I was kindly permitted to remain, and this was not denied even to
Mrs. Wimbush. The privilege was withheld indeed from Dora Forbes;
so Mrs. Wimbush kept her latest capture temporarily concealed.
This was so little, however, her usual way of dealing with her
eminent friends that a couple of days of it exhausted her patience,
and she went up to town with him in great publicity. The sudden
turn for the worse her afflicted guest had, after a brief
improvement, taken on the third night raised an obstacle to her
seeing him before her retreat; a fortunate circumstance doubtless,
for she was fundamentally disappointed in him. This was not the
kind of performance for which she had invited him to Prestidge, let
alone invited the Princess. I must add that none of the generous
acts marking her patronage of intellectual and other merit have
done so much for her reputation as her lending Neil Paraday the
most beautiful of her numerous homes to die in. He took advantage
to the utmost of the singular favour. Day by day I saw him sink,
and I roamed alone about the empty terraces and gardens. His wife
never came near him, but I scarcely noticed it: as I paced there
with rage in my heart I was too full of another wrong. In the
event of his death it would fall to me perhaps to bring out in some
charming form, with notes, with the tenderest editorial care, that
precious heritage of his written project. But where was that
precious heritage and were both the author and the book to have
been snatched from us? Lady Augusta wrote me that she had done all
she could and that poor Lord Dorimont, who had really been worried
to death, was extremely sorry. I couldn't have the matter out with
Mrs. Wimbush, for I didn't want to be taunted by her with desiring
to aggrandise myself by a public connexion with Mr. Paraday's
sweepings. She had signified her willingness to meet the expense
of all advertising, as indeed she was always ready to do. The last
night of the horrible series, the night before he died, I put my
ear closer to his pillow.

"That thing I read you that morning, you know."

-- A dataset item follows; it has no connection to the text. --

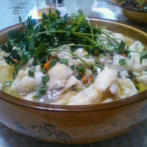 锅中烧热,下一点色拉油,放两片姜,两片蒜,3棵小葱打结,炒一下,下西红柿切成小瓣的,把酸菜下锅煸一煸,把吊好的鱼骨汤倒入锅中,烫一烫,捞出碗底,不用开也行,另起一口锅加一些凉水,以淹过鱼片为主,烧到八九十度,转小火,把腌好的鱼片一片一片放下去,煮个3到5分钟,锅里的水千万不能开,捞出铺酸菜上,把之前煮酸菜的鱼汤烧开淋在鱼片上,出锅撒上一点香菜。

"In your garden that dreadful day? Yes!"

"Won't it do as it is?"

"It would have been a glorious book."

"It IS a glorious book," Neil Paraday murmured. "Print it as it
stands - beautifully."

"Beautifully!" I passionately promised.

It may be imagined whether, now that he's gone, the promise seems
to me less sacred. I'm convinced that if such pages had appeared
in his lifetime the Abbey would hold him to-day. I've kept the
advertising in my own hands, but the manuscript has not been
recovered. It's impossible, and at any rate intolerable, to
suppose it can have been wantonly destroyed. Perhaps some hazard
of a blind hand, some brutal fatal ignorance has lighted kitchen-
fires with it. Every stupid and hideous accident haunts my
meditations. My undiscourageable search for the lost treasure
would make a long chapter. Fortunately I've a devoted associate in
the person of a young lady who has every day a fresh indignation
and a fresh idea, and who maintains with intensity that the prize
will still turn up. Sometimes I believe her, but I've quite ceased
to believe myself. The only thing for us at all events is to go on
seeking and hoping together; and we should be closely united by
this firm tie even were we not at present by another.